The electoral commission has already disqualified former Social Development Minister Bathabile Dlamini from contesting position because she has a criminal conviction. Both the electoral commission rule that disqualifies compromised candidates and the step-aside rule are expected to be targeted for review at the conference, Mkhize said.
Ramaphosa and Mkhize are the only two names on the ballot to lead the ANC for the next five years, with the incumbent the frontrunner having secured the most nominations. In the event that both are disqualified, members would have to nominate other candidates from the floor.

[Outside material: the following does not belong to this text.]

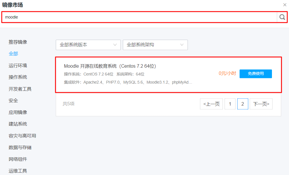 单击镜像名可查看镜像详情,本文使用 Moodle 开源在线教育系统(Centos 7.2 64位)。

Mkhize also criticised the party for dragging its feet when it came to implementing policies with the potential to address the rampant poverty and unemployment, and questioned the government’s plans to reduce the use of coal.
“We can discuss everything but closing down coal mines,” he said. “Those mines create jobs. We can use solar, wind and others, but coal-powered electricity is not going anywhere. We will not shy away from saying that.”
The former minister called on the ANC to implement its previously agreed resolutions to make it easier to expropriate land without compensation and establish a pro-poor state bank. He was non-committal about whether central bank’s mandate should be changed.
“There may be issues that you need to focus on where the Reserve Bank can support other mechanisms that will help the country to move forward,” he said. “We don’t have a bank that supports cooperatives, small businesses, but if such a bank came along we would expect that the Reserve Bank should look at it with the understanding that there are these challenges.”